[TASK STATEMENT] For the records shown below, return an exact copy that excludes the pictures.

[ENTRIES SUPPLIED]
··········

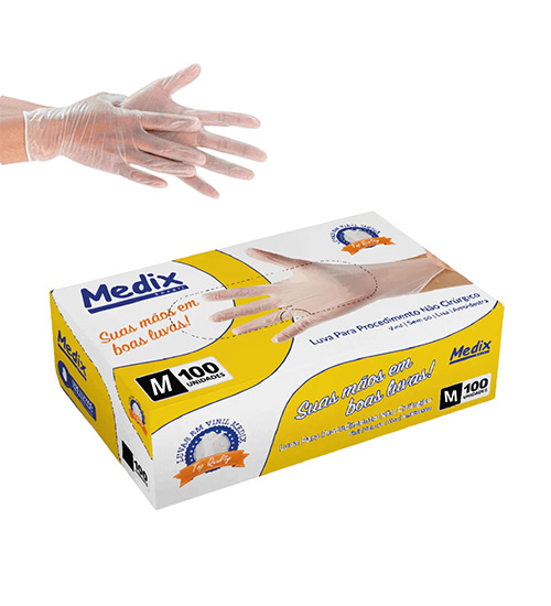 Luva de procedimento Medix, vinil sem pó. Disponível nos tamanhos G, M e P. Vendida em caixas com 100 unidades.
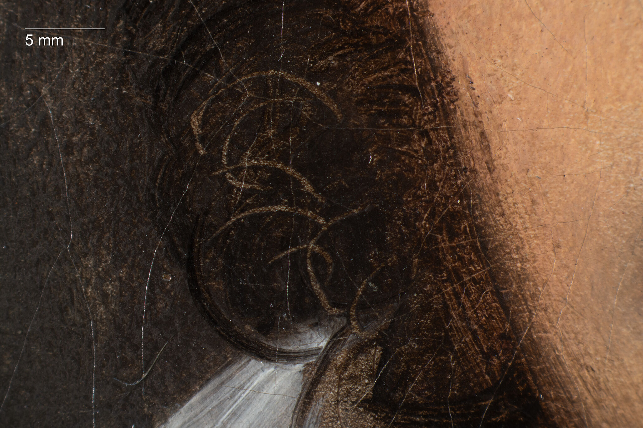 Fig. 14. Photomicrograph of Portrait of the Sculptor Paul Lemoyne (ca. 1810–11), showing the finely incised marks drawn through the wet paint to form the curls of the sitter’s sideburns
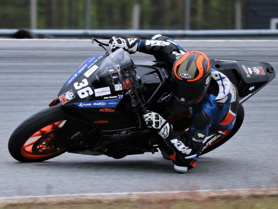 Viikonloppu aloitettiin jo torstaina ja perjantaina vapailla harjoituksilla. Vauhtia haettiin maltilla ja pyörä toimi tällä kertaa fantastisesti. Lauantain aika-ajoissa iski sadekeli eikä Juho löytänyt millään tuntumaa saderenkailla. Tuloksena heikko sija 6.
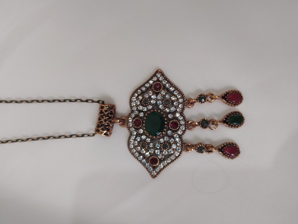 Uzun zincirli, detaylı zincir ve koyu turkuaz ile kırmızı taşlı desenli bohem kolye. Günlük kullanım için uygundur.
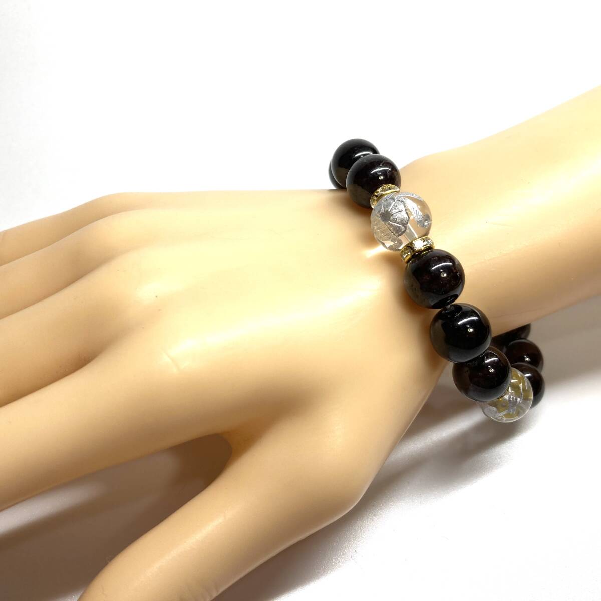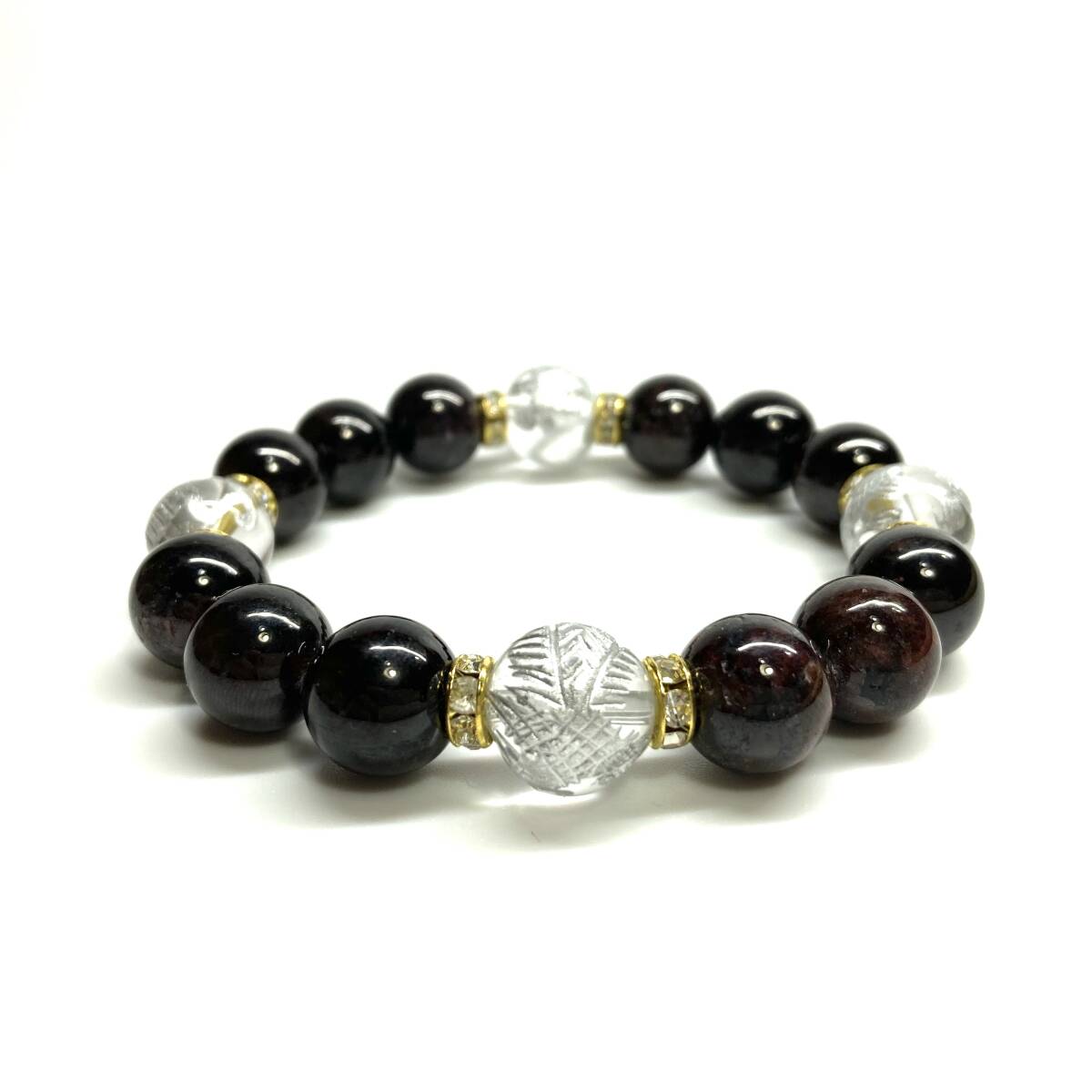 こちらは、四神獣銀彫水晶とガーネットを組み合わせたパワーストーンブレスレットです。四神獣は、中国の伝説で4つの方向(東西南北)を守護する神聖な神。四神獣、厄災から身を守り、多くの運気を呼び込むと言われております。石大きさは程よくインパクトのある12mm玉で内周 約17cmです。 数に限りがございますので気になる方はお早めにどうぞ。
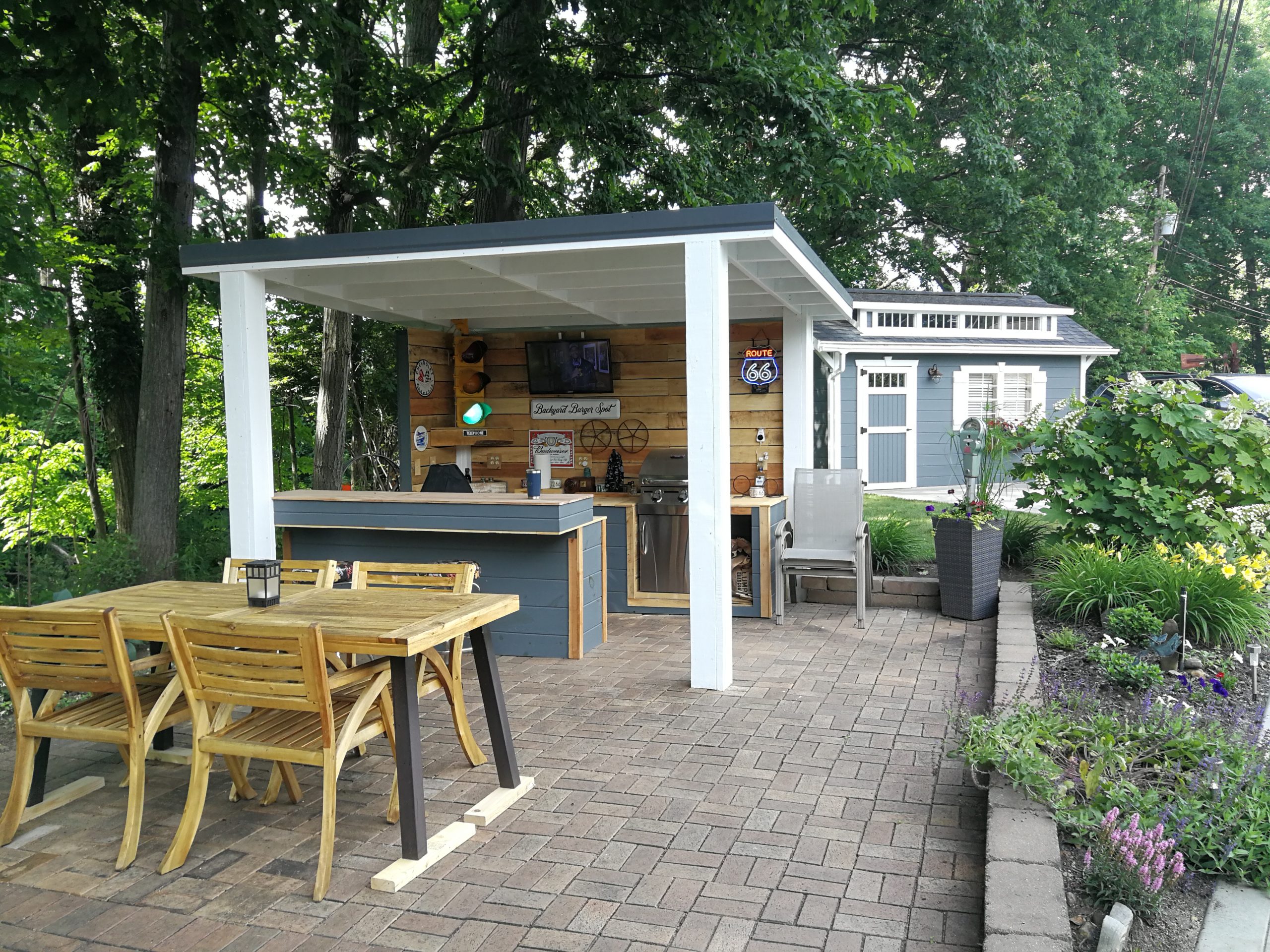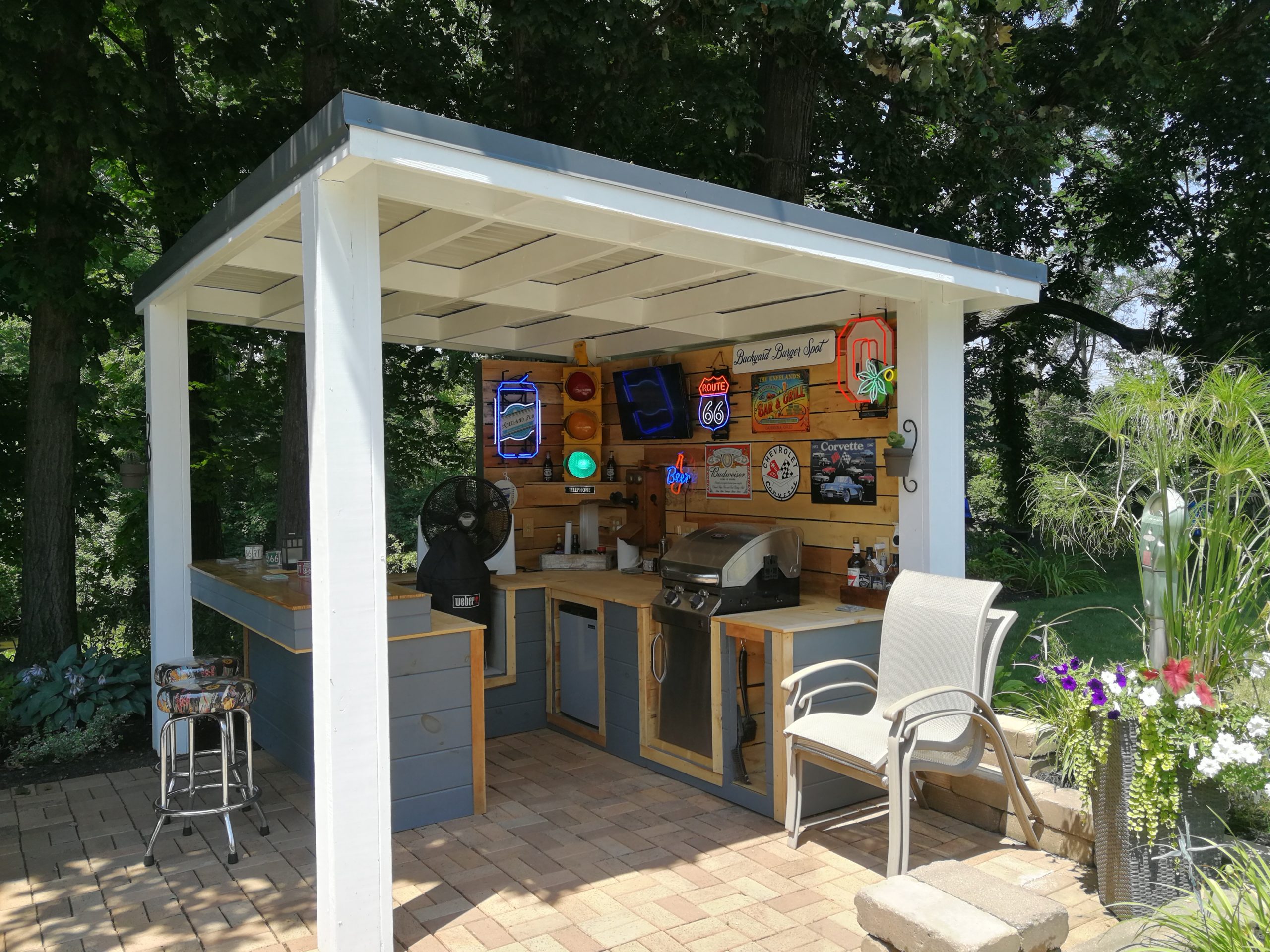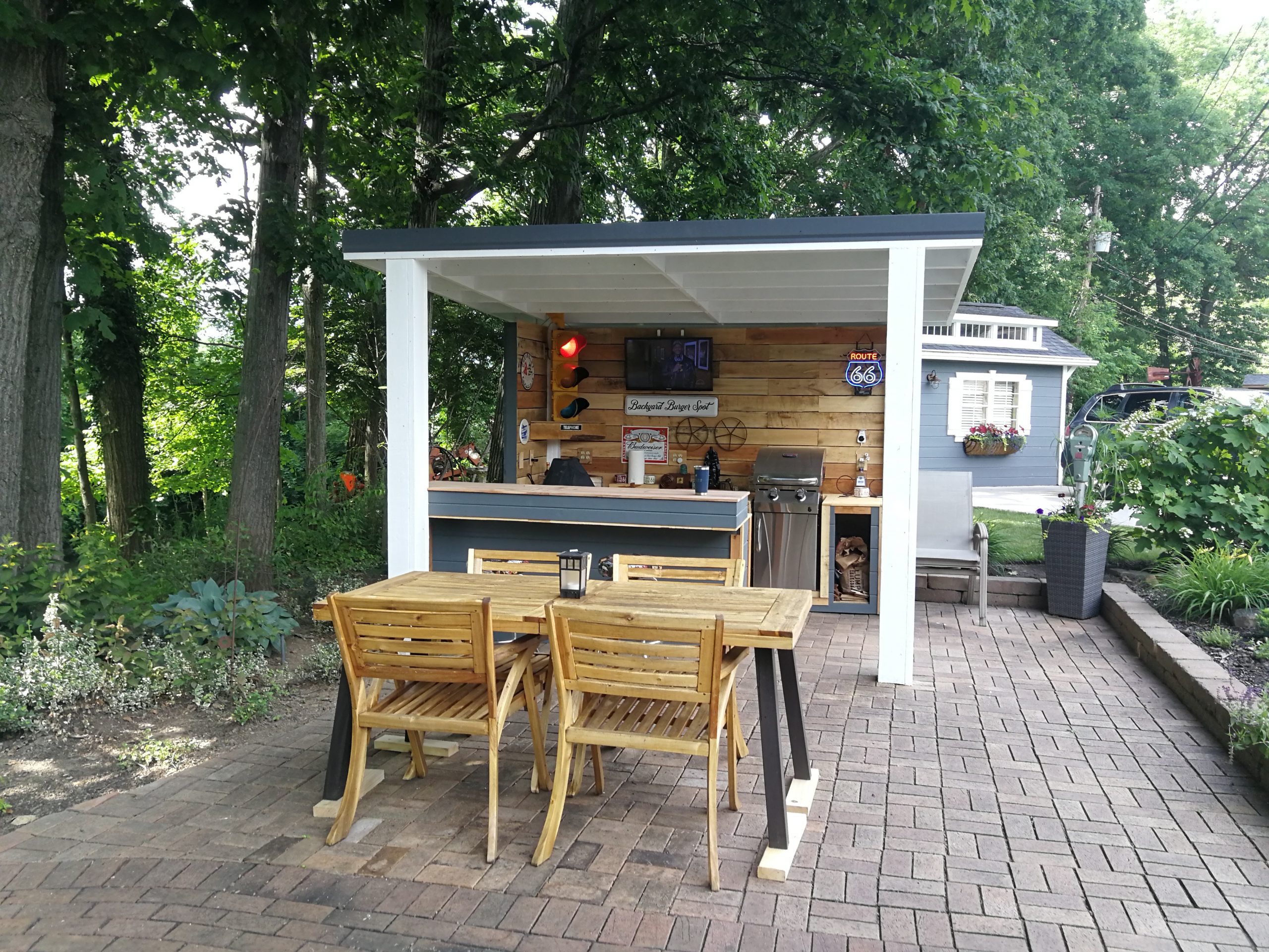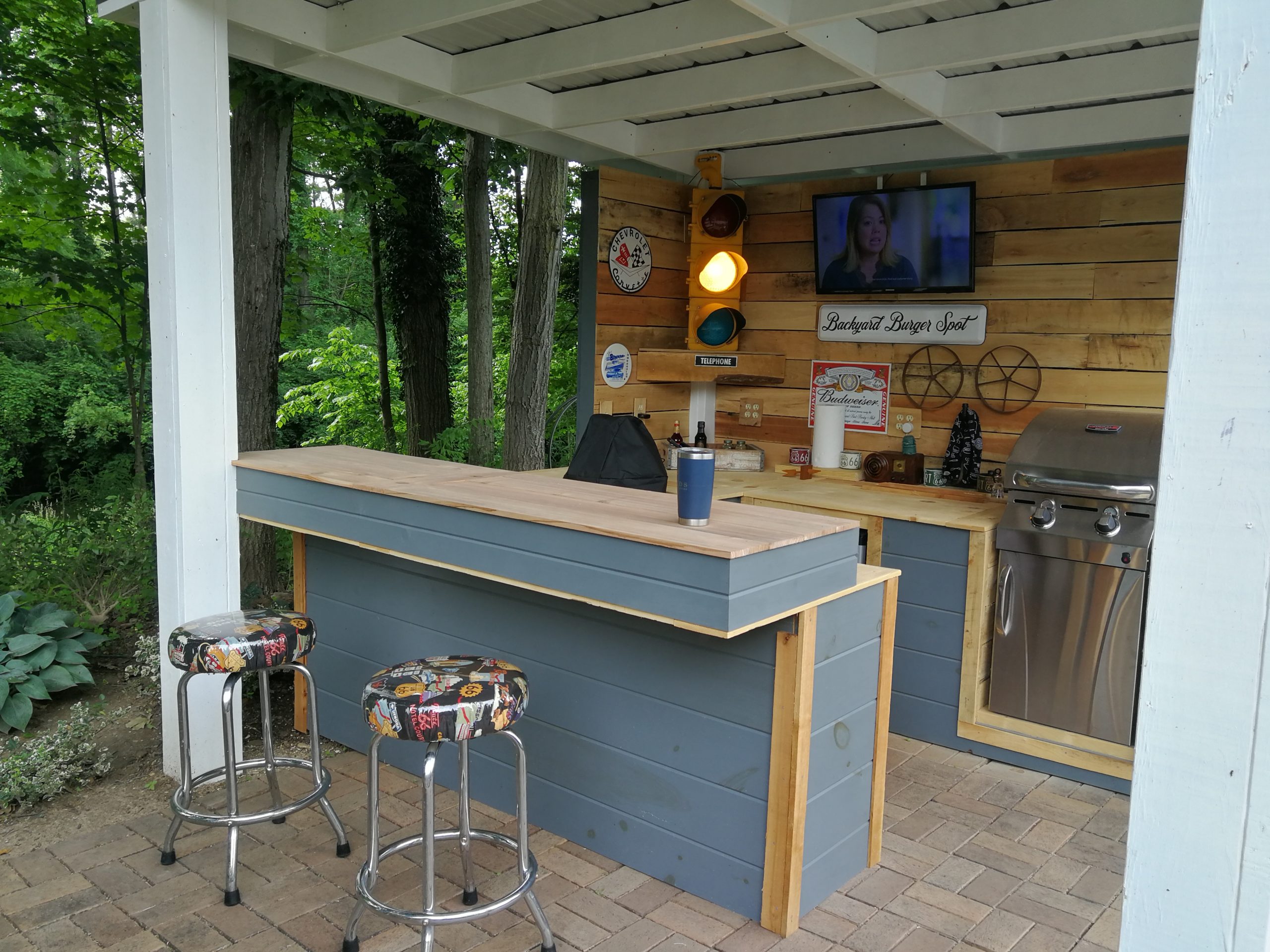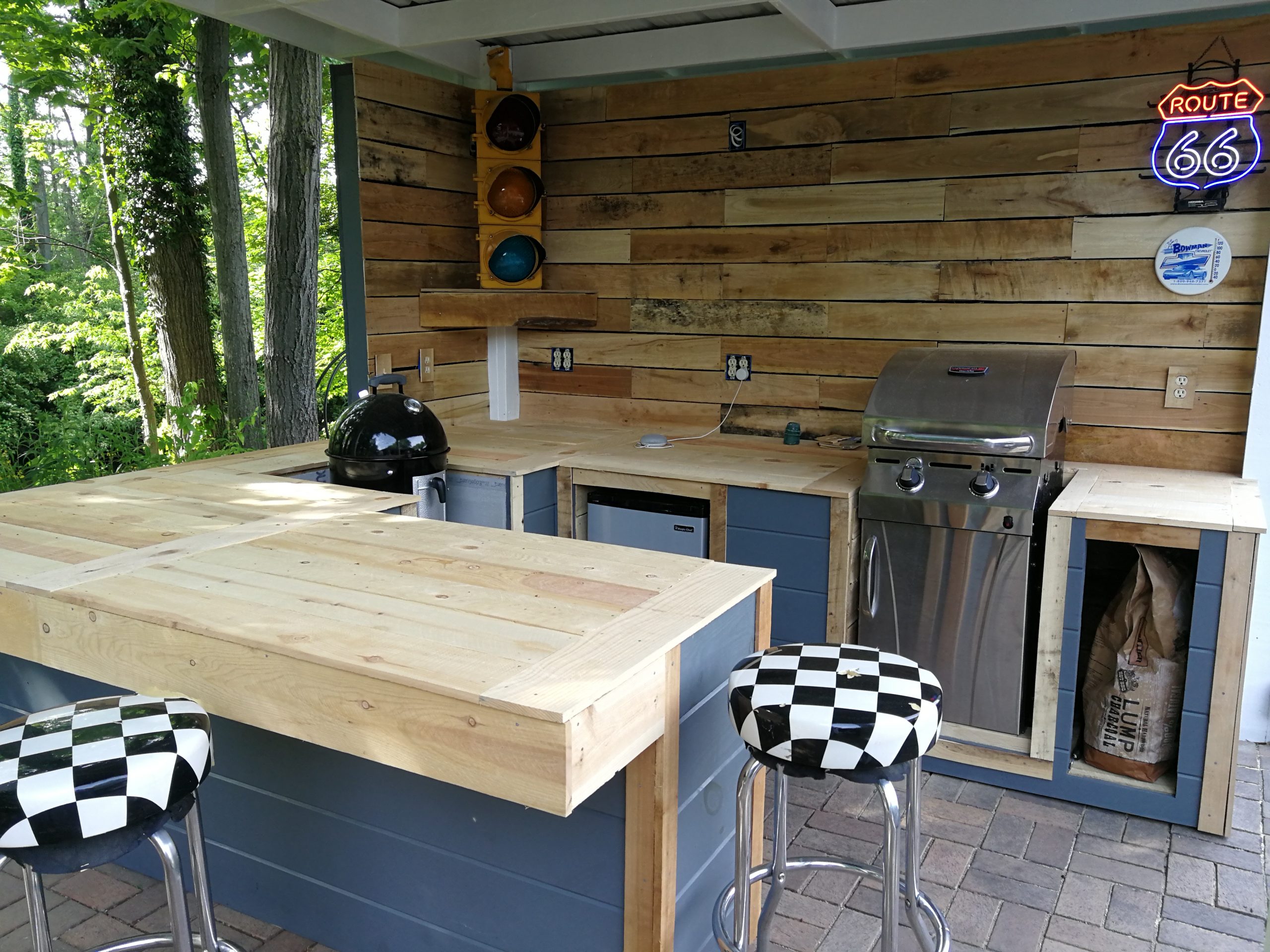 To make better use of the space Tom and Becky decided to remove both the fire pit and water feature and added a free-standing cover that also included space for a built-in grill and smoker plus new cabinet space, a future custom concrete countertop and some Route 66 and Corvette bling. The area uses pallet wood for the back wall covering and tongue and groove horizontal pine siding for the counter and cabinet face surfaces. The side and back outside walls also use the same horizontal, tongue-and-groove double 4 wood siding and is painted to match our surrounding buildings, and the countertop is currently 6″ dog-eared cedar fence panels.

··········

[TASK ANSWER]
 Luva de procedimento Medix, vinil sem pó. Disponível nos tamanhos G, M e P. Vendida em caixas com 100 unidades.
 Fig. 14. Photomicrograph of Portrait of the Sculptor Paul Lemoyne (ca. 1810–11), showing the finely incised marks drawn through the wet paint to form the curls of the sitter’s sideburns
 Viikonloppu aloitettiin jo torstaina ja perjantaina vapailla harjoituksilla. Vauhtia haettiin maltilla ja pyörä toimi tällä kertaa fantastisesti. Lauantain aika-ajoissa iski sadekeli eikä Juho löytänyt millään tuntumaa saderenkailla. Tuloksena heikko sija 6.
 Uzun zincirli, detaylı zincir ve koyu turkuaz ile kırmızı taşlı desenli bohem kolye. Günlük kullanım için uygundur.
 こちらは、四神獣銀彫水晶とガーネットを組み合わせたパワーストーンブレスレットです。四神獣は、中国の伝説で4つの方向(東西南北)を守護する神聖な神。四神獣、厄災から身を守り、多くの運気を呼び込むと言われております。石大きさは程よくインパクトのある12mm玉で内周 約17cmです。 数に限りがございますので気になる方はお早めにどうぞ。
 To make better use of the space Tom and Becky decided to remove both the fire pit and water feature and added a free-standing cover that also included space for a built-in grill and smoker plus new cabinet space, a future custom concrete countertop and some Route 66 and Corvette bling. The area uses pallet wood for the back wall covering and tongue and groove horizontal pine siding for the counter and cabinet face surfaces. The side and back outside walls also use the same horizontal, tongue-and-groove double 4 wood siding and is painted to match our surrounding buildings, and the countertop is currently 6″ dog-eared cedar fence panels.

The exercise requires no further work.